# Can I use Parchment Paper in place of the teflon sheets?



## SportsZoneSS (Aug 30, 2007)

What is your opinion about using Parchment Paper instead of Teflon Sheets? I have heard the Teflon Sheets leave a texture. Is that just on vinyl? I know the silcone is important to have on the Parchment Paper....but I want to know who has used it and if they had positive results. Thanks.


----------



## treadhead (Jul 26, 2006)

I use both depending on what I am pressing.

For all of my DTG work..I use the parchment paper (silicone) although I'm not exactly clear as to why other than that is what was recommended.

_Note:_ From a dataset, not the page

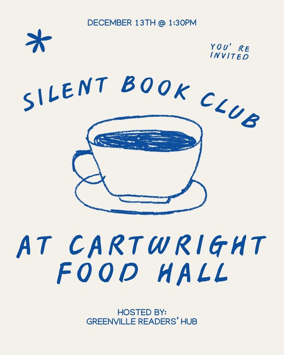 Join us for Silent Book Club with Greenville Readers’ Hub at Cartwright Food Hall! Bring your own book, enjoy good vibes, and connect with fellow book lovers—quietly. Vendor Pop Up: Postage Coffee & Freshly Picked Books

For heat transfers, vinyl and plastisol I use the Teflon sheet although it is the Teflon sheet that makes things glossier / shinier when used for a 2nd press on plastisol. Unless you have a teflon sheet with a texture.

I have used the parchment paper on 2nd presses of plastisol to try removing some of the gloss...which works to some degree but is uneven.

Hope that helps....


----------



## COEDS (Oct 4, 2006)

I use a teflon shet or a product called a flex pad. I got it at Ace Transfer Company it gives the transfer a look of texture founf from sceen printing.


----------



## SportsZoneSS (Aug 30, 2007)

treadhead said:


> For heat transfers, vinyl and plastisol I use the Teflon sheet although it is the Teflon sheet that makes things glossier / shinier when used for a 2nd press on plastisol. Unless you have a teflon sheet with a texture.


Do you prefer the glossy look? With all of the distressed looks and tatoo'd looks these days, I have not seen glossy. Do your customers like that? If you prefer it, please explain why. I just want to make sure I am not missing something. Thanks for your advice. I am just starting tees and I am trying to learn all I can. 

COEDS, thanks for that info. I will check their site for one of those.


----------



## SportsZoneSS (Aug 30, 2007)

COEDS said:


> I use a teflon shet or a product called a flex pad. I got it at Ace Transfer Company it gives the transfer a look of texture founf from sceen printing.


Thanks so much! They are within a short driving distance of where I am. I am going over there to pick one up. Woo Hoo!


----------



## MotoskinGraphix (Apr 28, 2006)

I personally dont want anything glossy that isnt supposed to be glossy on application. I really dont like glossy vinyl at all.


----------



## SportsZoneSS (Aug 30, 2007)

COEDS said:


> I use a teflon shet or a product called a flex pad. I got it at Ace Transfer Company it gives the transfer a look of texture founf from sceen printing.


After speaking with Ace today they pretty much confirmed what you said. The teflon will leave a glossy finish and the flex pad will give it a look of a screen printing. I am so glad you told me about the flex pad. I am not into the glossy look either...reminds me of those t-shirts in the 70's and 80's when you could walk into a department store and they press the transfer you picked out right in front of you..little ponies and rainbows...LOL.


----------



## hiGH (Jan 25, 2007)

COEDS said:


> I use a teflon shet or a product called a flex pad. I got it at Ace Transfer Company it gives the transfer a look of texture founf from sceen printing.


thats a great tip jb... i'm going to look into that. thanks much.


----------



## treadhead (Jul 26, 2006)

SportsZoneSS said:


> Do you prefer the glossy look? With all of the distressed looks and tatoo'd looks these days, I have not seen glossy. Do your customers like that? If you prefer it, please explain why. I just want to make sure I am not missing something. Thanks for your advice. I am just starting tees and I am trying to learn all I can.


No...actually I prefer more of a matte finish with a soft feel. Alot of our customers have a similar preference but glossy has its place.

What I don't like is glossy with a thick vinyl feel. Although, I've seen this type of transfer on the front of urban tees.


----------



## Crafty Chris (Oct 25, 2019)

I know this is a very old Post, but I just got my EasyPress 2 machine and tried the
Parchment Paper instead of the Teflon Sheet and it worked GREAT !!! 
It's nice to know that I have an alternative to the Teflon Sheet... Today's date is 10-25-19


----------



## binki (Jul 16, 2006)

https://www.webstaurantstore.com/ba...bun-sheet-pan-liner-sheet-case/433SLINER.html

replace every few prints to keep wrinkles out of your print.


----------